Feto-maternal outcomes of pregnancy complicated by Krukenberg tumor: a systematic review of literature.

Krukenberg tumor is a rare type of ovarian cancer with a poor prognosis, and little is known about its behavior during pregnancy.

A systematic review was conducted to identify pregnancies complicated by Krukenberg tumor, correlated to oncologic and neonatal outcomes (n = 35).

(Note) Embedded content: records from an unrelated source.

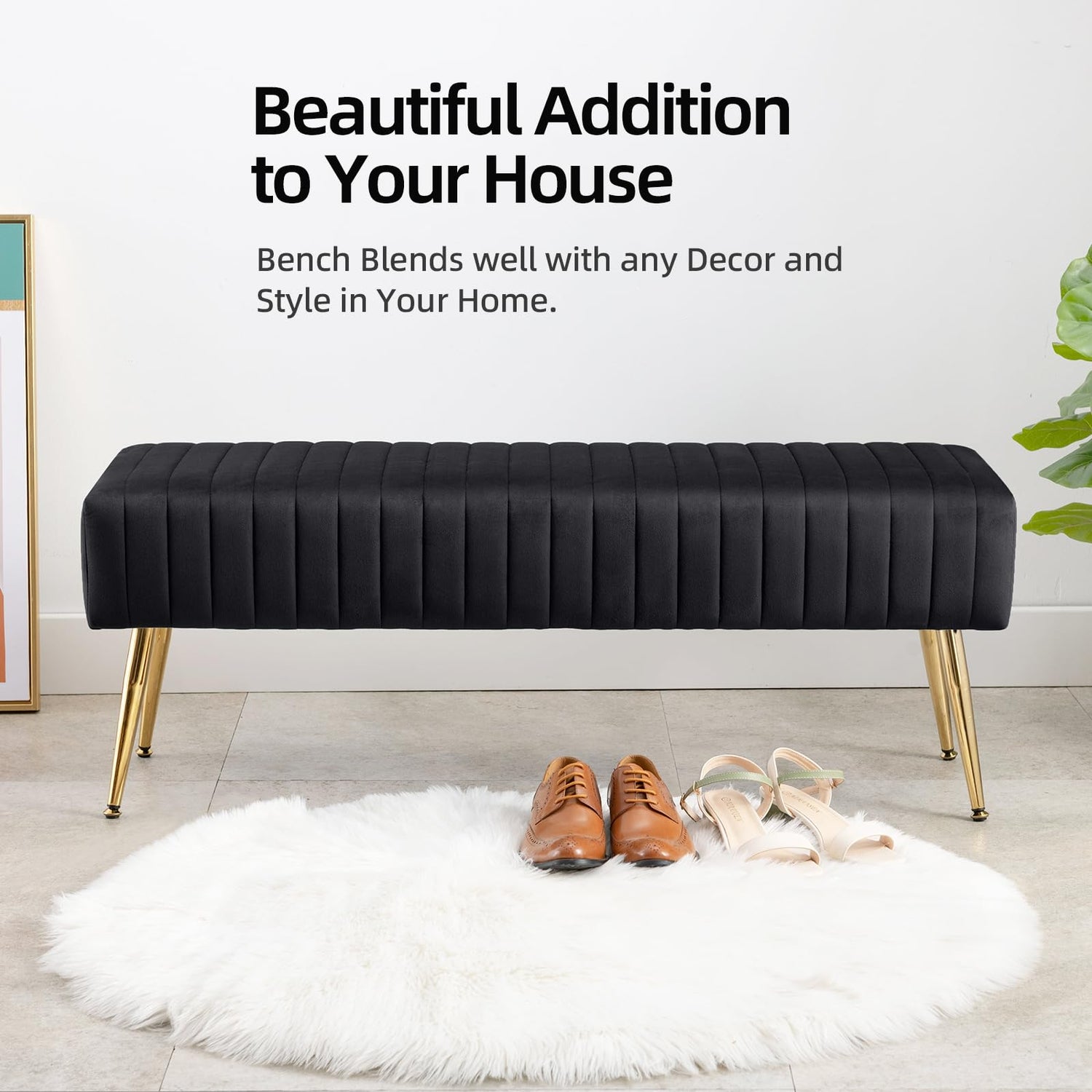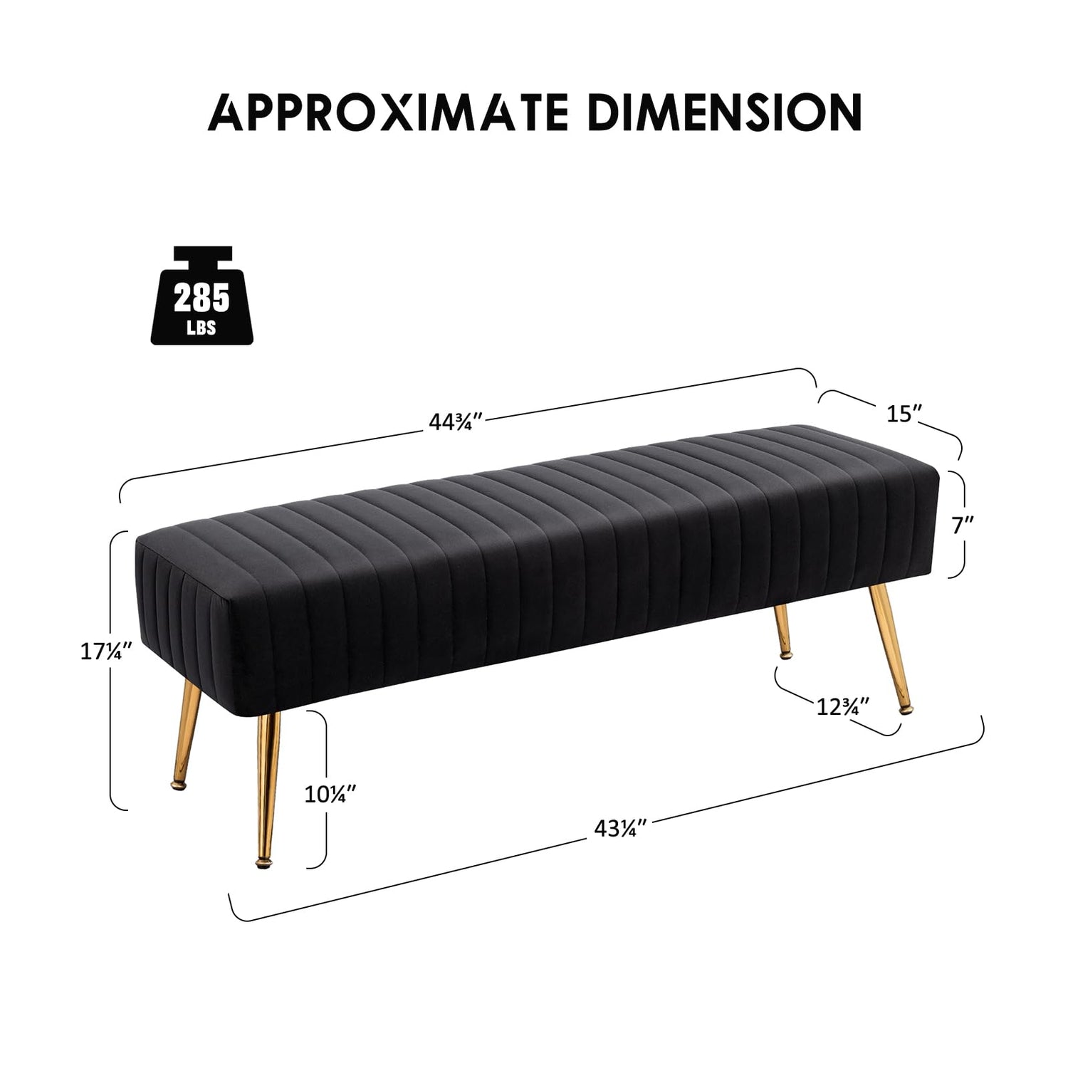 Furniliving 44 Inch Bedroom Bench, Upholstered Tufted Striped Fabric Ottoman Benches with X-Shaped Metal Legs for Living Room, Entryway Solid Wood Indoor Bench for Foyer (Black)
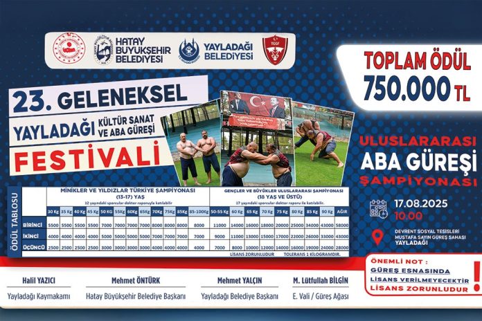 Hatay Büyükşehir Belediyesi ve Yayladağı Belediyesi iş birliği ile bu yıl 23.’sü düzenlenecek olan Geleneksel Yayladağı Kültür-Sanat ve Aba Güreşi festivali birbirinden keyifli ve renkli etkinliklerle başlıyor.
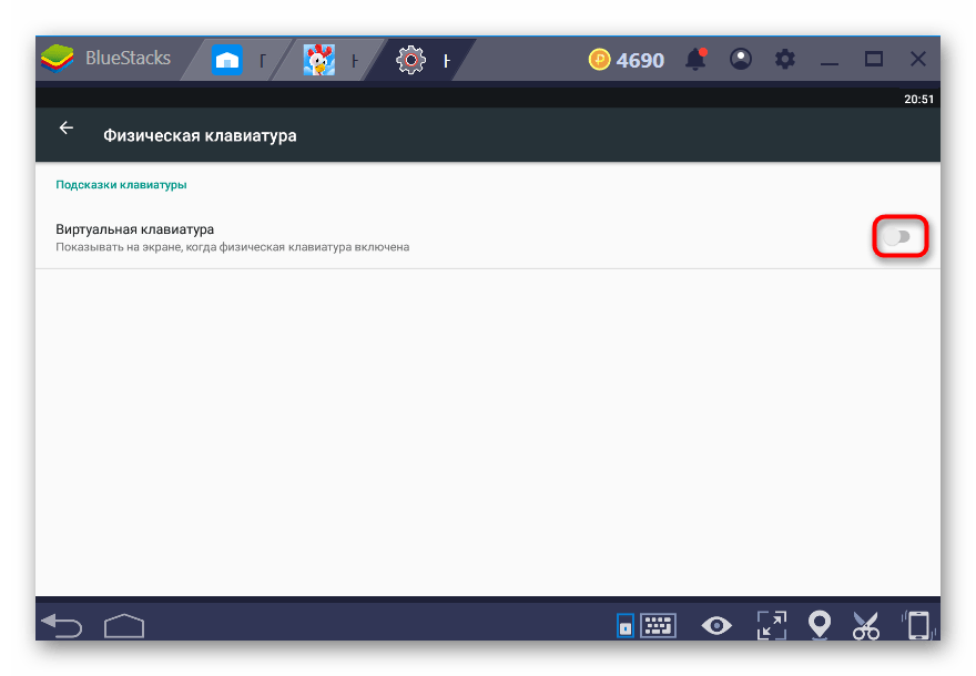 Не забывайте, что изначально виртуальная клавиатура отключена, поэтому чтобы пользоваться ей, в меню «Языки и ввод» перейдите в «Физическая клавиатура».
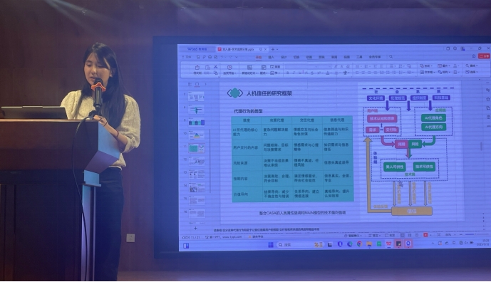 讲座中,刘入豪博士围绕人类与智能体信任生成机制展开深入讲解,结合其在智能传播和国际传播领域的研究,运用定量、定性等多样化研究方法,从社会学、人类学等跨学科视角,剖析智能媒介技术与社会福祉的关联。现场师生积极提问,与刘博士就相关学术问题进行了热烈探讨。
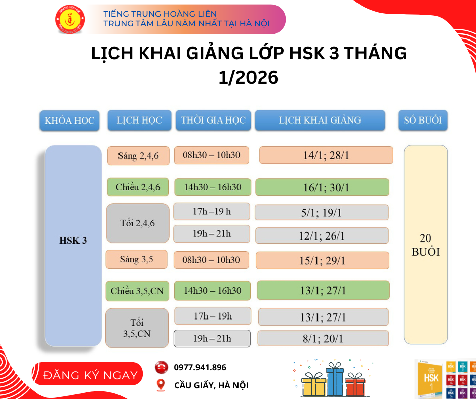 Khi tham gia đăng ký học chương trình chuẩn HSK 3, các bạn theo theo dõi lịch khai giảng như sau tại trung tâm tiếng trung Hoàng Liên:
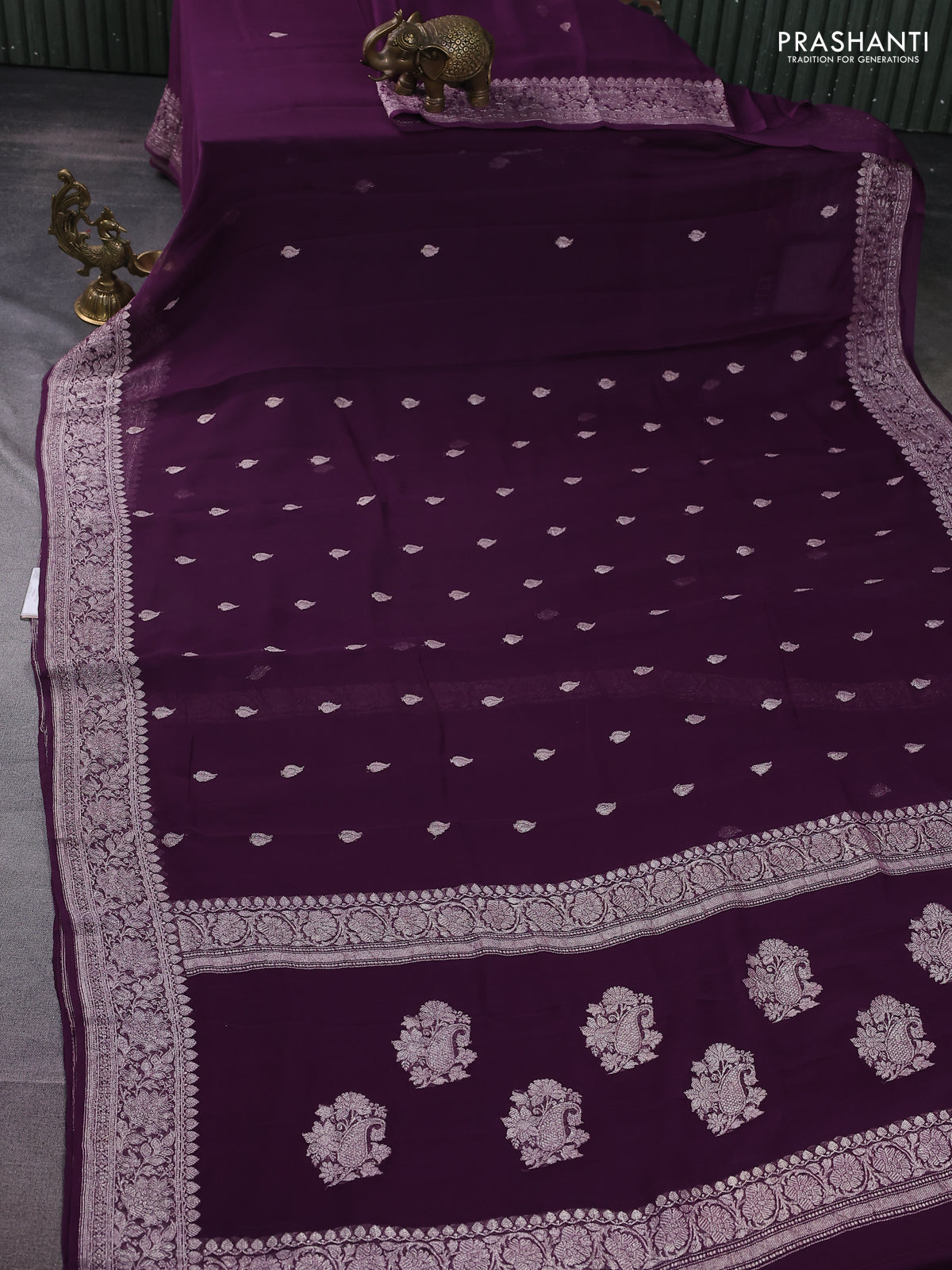 Banarasi chiffon silk saree wine shade with silver zari woven buttas and floral silver zari woven border

Mean age of cases was 30.4 years, and the most common origin of primary cancer was the stomach (68.6 %) followed by the colon (14.3 %). The two most common presenting symptoms were abdominal/pelvic pain (51.4 %) and nausea/vomiting (48.6 %). Two-thirds of tumors were bilateral (65.7 %) and the average size was 16.7 cm. Ascites (45.7 %), carcinomatosis (25.7 %) and non-ovarian distant metastases (14.3 %) were found at the time of surgery. Chemotherapy was administered in 20 cases, with fetal exposure in two of these. The ovarian tumor was identified prior to the primary cancer diagnosis in all 28 cases. The overall number of live births was 27 (81.8 %). The median survival was 6 months after Krukenberg tumor diagnosis. In univariate analysis, decreased overall survival was associated with dyspnea, ascites, carcinomatosis, non-radical surgery for the primary cancer, and residual disease at surgery (all, p < 0.05). On multivariate analysis, dyspnea and carcinomatosis remained independent prognostic factors for decreased overall survival after Krukenberg tumor diagnosis (2-year overall survival rates, dyspnea 0 vs. 56.6 %, adjusted-hazard ratio [HR] 9.74, 95 % confidence interval [CI] 2.04-46.2, p < 0.01; and carcinomatosis, 0 vs. 58.1 %, adjusted-HR 7.95, 95 % CI 1.76-36.0, p < 0.01).

Our results showed that prognosis of Krukenberg tumor complicated pregnancies is extremely poor, however it may be improved if radical surgery is achievable.